For instance, inspiration for Allegory of the Monoceros came from the famed 15th-century Unicorn Tapestries at New York’s Metropolitan Museum that helped to decode symbols embedded in medieval art. Monoceros depicts a garden filled with medicinal botanicals, including opium poppy and a few others with potential for harm. “We wanted our tapestry to reveal subtexts of our current times,” Hope explains.
The tapestry’s central motif — a “tree of life” whose branches imitate Darwin’s first sketch of evolutionary paths — also contains Eden’s proverbial snake. But the snake is two-headed, like the medical industry’s intertwined helical symbol that, ironically, “is derived from the staff of the Greek god Hermes, who protected both merchants and thieves,” Hope says.
Endangered species such as the golden toad and honeybees circle genetically engineered corn, and Dolly the sheep and her clone from the 1990s also appear, suggesting a new and perhaps pernicious era of science.
The second tapestry, Allegory of the Infinite Mortal, highlights controversial scientific and religious ideas through the ages, symbolized by a “fountain of youth” spouting LSD, shamanistic animals and Asian demonic avatars as well as images from the Hubble telescope. Simultaneously it honors those who have advanced our knowledge of time and space, including Ada Lovelace and Charles Babbage, who inspired modern computing, and Brahmagupta, the 17th-century Indian mathematician/ astronomer credited with the concept of zero and negative numbers.
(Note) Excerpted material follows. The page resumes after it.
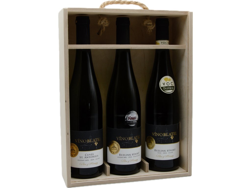 Dřevěná krabička na 3 láhve vína

The final tapestry, Allegory of the Prisoner’s Dilemma, features a tower composed of monuments such as ancient pyramids, Roman aqueducts, Istanbul’s Hagia Sophia, Angkor Wat in Cambodia and the Chrysler building — edifices that celebrate human optimism and cooperation. But the artists also slyly include the Tower of Babel as a symbol of hubris.
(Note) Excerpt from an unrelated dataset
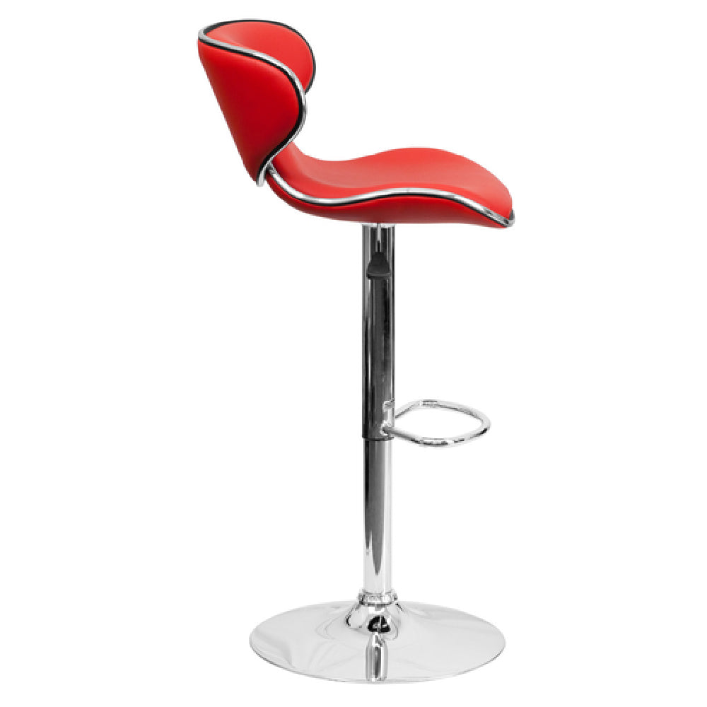 The Flash Furniture DS-815-RED-GG Swivel Bar Stool is a versatile indoor seating solution designed for commercial hospitality environments. This adjustable-height, contemporary-style bar stool features a sturdy pedestal base with a 17-5/8" diameter chrome finish and is upholstered with red vinyl for durability and aesthetic appeal. Equipped with a gas lift mechanism, it allows seamless transition from counter to bar height, ensuring ergonomic comfort. Its mid-back design with upholstered deep curved back and seat provides extended seating support, making it suitable for high-traffic restaurants, bars, and cafes. The stool’s technical construction emphasizes stability and easy maintenance, ideal for dynamic foodservice applications requiring space-efficient seating with quick adjustability.

More than a decade ago, New York’s Lyonswier Gallery displayed Hope’s first solo show. Since 2007, his sometimes interactive but always elaborately crafted, kinetic and digitally inspired art has been represented by San Francisco’s Catharine Clark Gallery. This past spring that gallery hosted a re-installation of The Woulds, which the Hopes co-created in 2017 for Jewish Folktales Retold: Artist as Maggid at the Contemporary Jewish Museum. It’s an immersive forest-like environment of wood and mirror sculptures enhanced with ceramic birds, recorded birdsongs and changing light effects to meld fantasy and reality.
“In a way, all my works are ‘centering’ devices,” Hope says. “They invite contemplation about the driving philosophies of our time: spirituality, science and the disruptive changes brought about by the internet.”